What is clear is that we are in virgin territory. Yes, digital devices are “tools” in the same way that bikes and spades are, but they also carry important differences that we have not yet gotten used to.
Perhaps most importantly are the ways that iPads and SmartPhones persist in notifying us. Messages bleep and vibrate, demanding immediate responses. We love to feel connected, and connected devices tap into these deep desires in us.
In the home this might mean being only half-aware of conversations with siblings or parents, or not being properly attentive to the demands of an argument being developed in an essay because Facebook is checked every two minutes.
In the classroom this might mean students becoming anxious and distracted as they are “cold turkey” from possible messages and alerts for the duration of the lesson – or it could mean teachers spending less time helping students as they interact with laptops and the incessant demands of emails too.

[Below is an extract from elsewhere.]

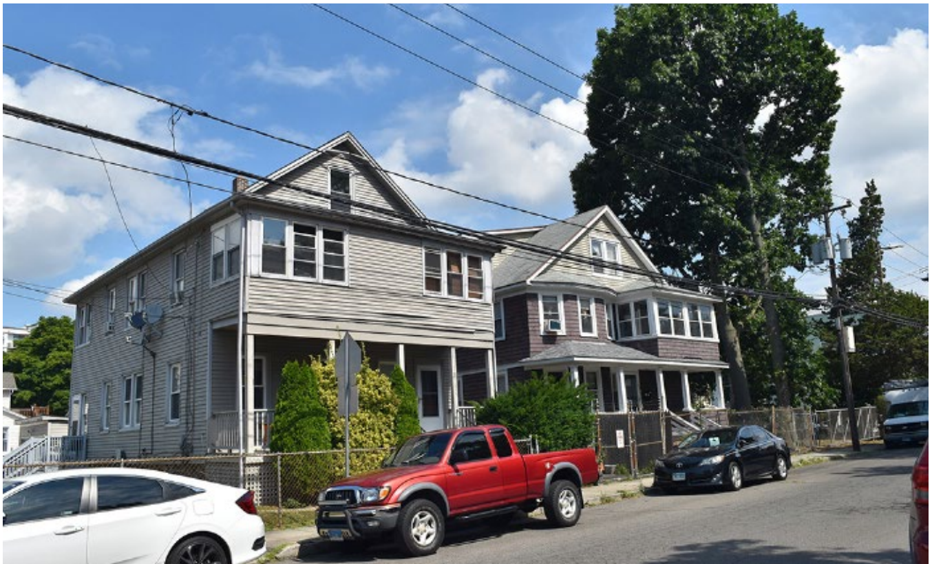
Photograph 63 Streetscape, western side of Elmcroft Road (numbers 31-29), view northwest).

However, importantly, it is becoming increasingly clear that the problem of screen-time is not just that time that is taken away from face-to-face interactions or homework tasks. Because our brains are “plastic” – changing structure depending on what activities are more regularly engaged in – excessive screen-time actually alters the way our minds function.
The eminent psychiatrist Dr Norman Doidge has counselled that if we stop exercising our mental skills we do not just forget them, the brain map space for those skills is turned over to the skills we do practise instead (2). In other words, when it comes to the brain, you use it or lose it – and the warning is that some of our students have lost it already.
This is extremely important. If we are to continue to be effective educators in a digital world we have to keep up with and respond to what neuro and social science is telling us.
This not only means adapting our pedagogy to embrace new technologies, but also reflecting carefully on how the technologies that our students are using are changing the minds that they bring to our lessons. To continue to teach using what is effectively a mind-set from the industrial revolution will be increasingly ineffective.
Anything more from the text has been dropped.